España deja atrás su semestre de Presidencia de la Unión Europea con un balance bastante frío, marcado por las nuevas tendencias xenófobas en el viejo continente. Pero al margen de esto, lo que se constata en ésta y en anteriores reuniones es que Europa va demasiado despacio, al menos en lo que respecta al ritmo que impone la realidad económica. Si el 11 de septiembre fue un golpe brutal que paralizó el mundo por un momento, lo cierto es que desde entonces todo ha ido más bien ralentizado. Aquí, en Balears, la temporada turística no ha arrancado con la fuerza deseable. Cuando el verano ha entrado ya de lleno, los hoteles y aeropuertos registran cifras inferiores a las de años anteriores, aunque de momento no se puede hablar de crisis, ni mucho menos. Todavía hay esperanzas en que las cifras de julio y agosto sean satisfactorias.

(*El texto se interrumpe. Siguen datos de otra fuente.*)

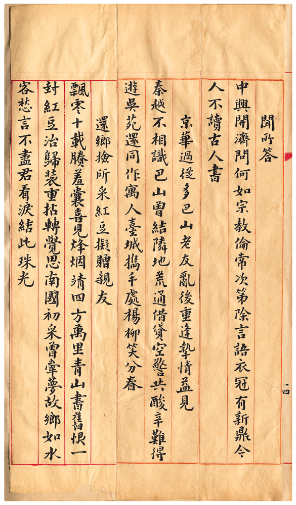 | 描述-摘要 | 中興開濟問何如。宗教倫常次第除。言語衣冠有新鼎。今人不讀古人書。 |
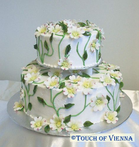 mocha sponge cake and filled with espresso mousse. The cake is iced with European butter-cream icing and decorated with wines and Dogwood flowers and leaves that are hand molded from sugar-paste. |
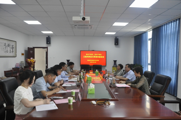 5月30日上午,桐城師範高等專科學校為2022年退休職工舉行了溫馨而隆重的榮退儀式,用濃濃的“儀式感”將關心關愛幹部的要求落到實處。黨委書記王子龍,黨委委員、紀委書記張敏麗,黨委委員、組織部長、統戰部長、組織人事處處長王宏偉,黨委委員、宣傳部長、辦公室主任伍建強與退休幹部王勝利參加座談會。
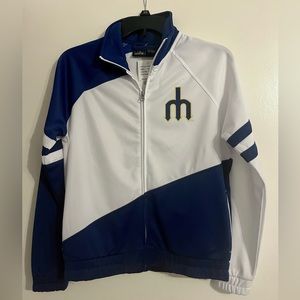 Show stopper track jacket. Bright royal blue color with hints of yellow and gold. Very stylish.
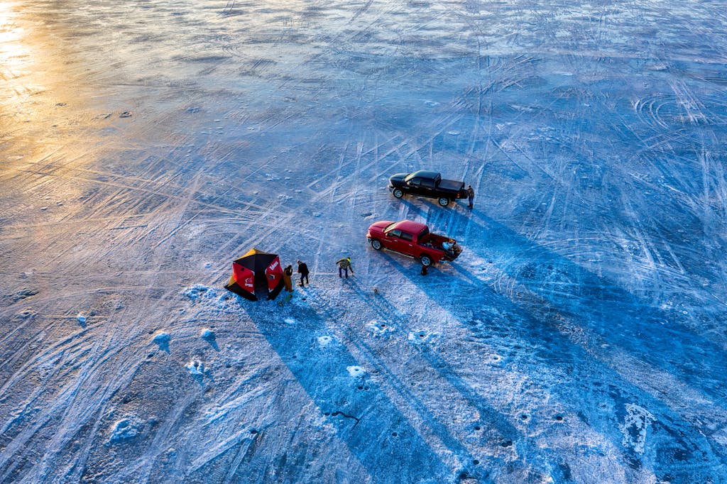 La ruta ideal para pescar en solitario comienza identificando dos o tres lagos pequeños y menos conocidos a poca distancia en coche, pero lejos de centros urbanos. Congelados en invierno, estos cuerpos de agua se convierten en un campo cristalino de posibilidades. Elige uno para pescar por la mañana, otro para descansar al mediodía y un último lago, un poco más grande, donde puedas prepararte para la sesión vespertina.

Aun así, es conveniente analizar la situación y buscar salidas antes de que la temible palabra «recesión» entre en nuestro diccionario de actualidad. Y no es algo que ocurra sólo aquí; en toda Europa empiezan a detectarse signos no de crisis, pero sí de estancamiento. Y eso es algo que perjudica especialmente a España, obligada a crecer por encima de los demás para alcanzar los niveles de bienestar que en otros países gozan desde hace décadas.
Si los discursos de los dirigentes europeos hablan de reformas y de avances, lo cierto es que la única reforma programada en los últimos años es la del desempleo, que de momento lo único que ha generado es una huelga general. Aparte de eso, lo que ha alimentado la economía últimamente ha sido el consumo privado a rebufo de las consecutivas bajadas de los tipos de interés, algo que también hoy empieza a ponerse en duda con la previsible subida del precio del dinero.